The term \(\Omega (D,\ X_{i}^{*},\mathbf {S})\) is the global detection statistics term for the positive bags whose ACE form is shown in

$$\begin{aligned} {{\Omega }_{ACE}}(D,\ X_{i}^{*},\mathbf {S})=\frac{1}{K}\sum \limits _{k}{{{{{\hat{\hat{{\mathbf {s}}}}}}}^{(k)T}}{\hat{\hat{{\mathbf {x}}}}}_{i}^{(k)*}}. \end{aligned}$$
(6.23)

Similar to [41], \({\hat{\hat{{\mathbf {s}}}}}^{(k)}\) and \({\hat{\hat{{\mathbf {x}}}}}^{(k)}\) are the transformed kth target signature and correspond instance after whitening using the background information and normalization. The global detection term \({\Omega }_{ACE}(D,\ X_{i}^{*},\mathbf {S})\) provides an average detection statistics over the positive bags given a set of learned target signatures. Of particular note for this method, in contrast with MI-HE, is the approach assumes that each positive bag contains a representative for each variation of the positive concept.

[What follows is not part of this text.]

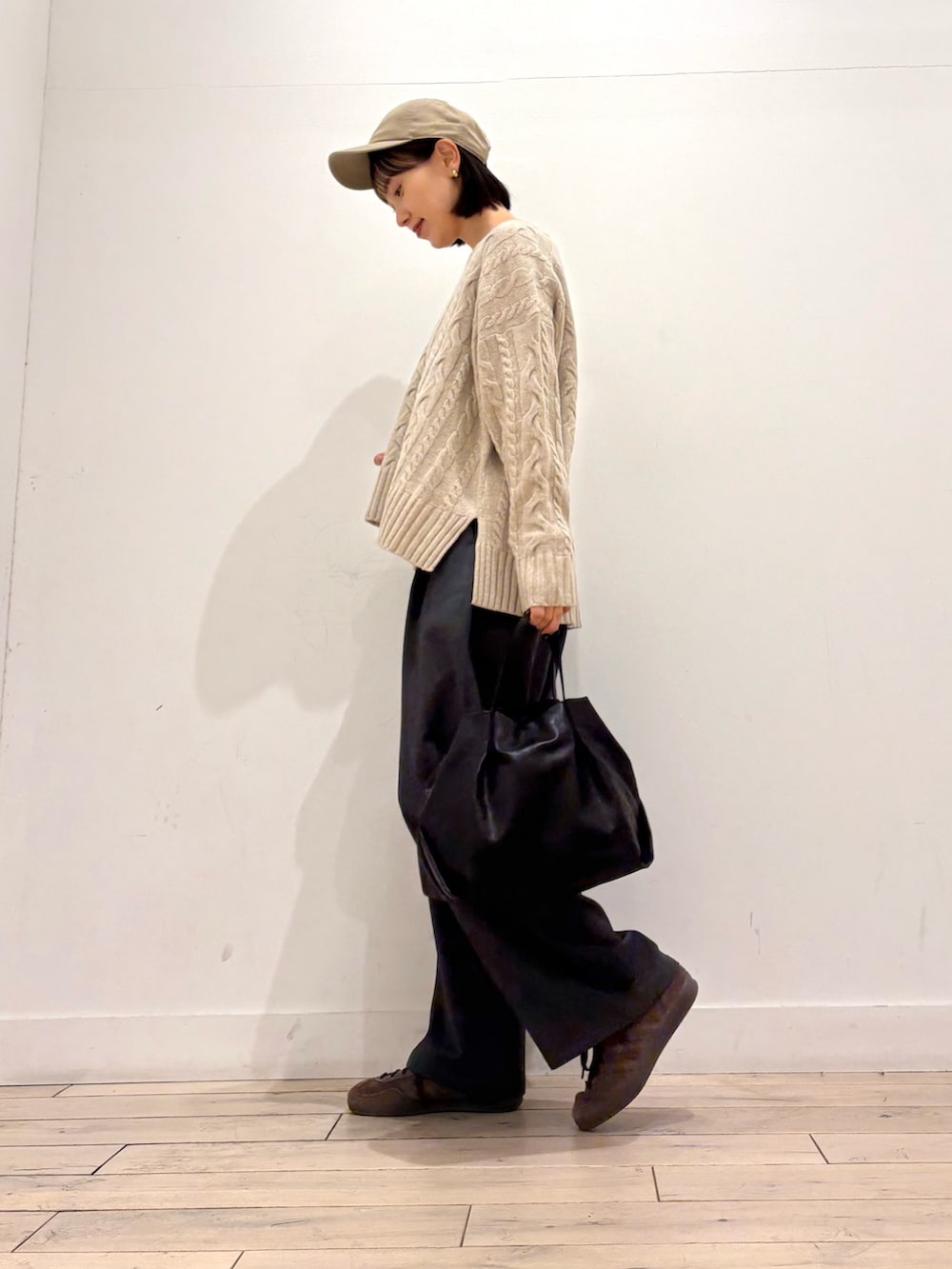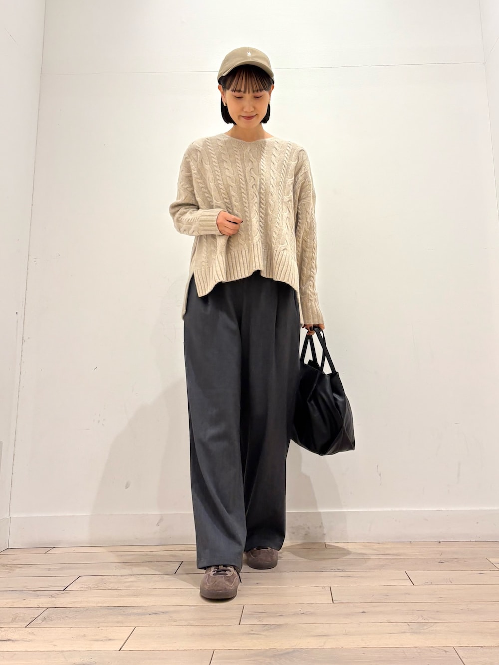 アラン柄がポイントになってくれるこちらのニットは浅めのVネックになっており、顔まわりをすっきりと見せてくれます👏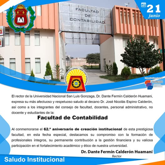 El rector de la Universidad Nacional San Luis Gonzaga, Dr. Dante Fermín Calderón Huamani, expresa su más afectuoso y respetuoso saludo al decano Dr. José Nicolás Espino Calderón, así como a los miembros del consejo de facultad, docentes, personal administrativo, no docente y estudiantes de la:

On the other hand, the global detection term \(\Upsilon _{ACE} (D,\ {{X}_{i}},\mathbf {S})\) for negative instances should be small and thus suppresses the background as shown in Eq. (6.24). This definition means if the maximum responses of target signature set \(\mathbf {S}\) over the negative instances are minimized, the estimated target concepts can effectively discriminate nontarget training instances

$$\begin{aligned} {{\Upsilon }_{ACE}}(D,\ {{X}_{i}},\mathbf {S})=\frac{1}{{{N}_{i,{{L}_{i}}=0}}}\sum \limits _{{{\mathbf {x}}_{n}}\in {{\mathbf {B}}_{i}},{{L}_{i}}=0}{\underset{k}{\mathop {\max }}\,\ {{{{\hat{\hat{{\mathbf {s}}}}}}}^{(k)T}}{\hat{\hat{{\mathbf {x}}}}}_{n}}. \end{aligned}$$
(6.24)

In order to explicitly apply the normalization constraint and encourage diversity in the estimated multiple target concepts, [55] also includes two terms, a normalization term by pushing the inner product of the estimated signatures to 1 and a diversity promoting term by maximizing the difference between estimated target concepts as shown in (6.25), and (6.26), respectively.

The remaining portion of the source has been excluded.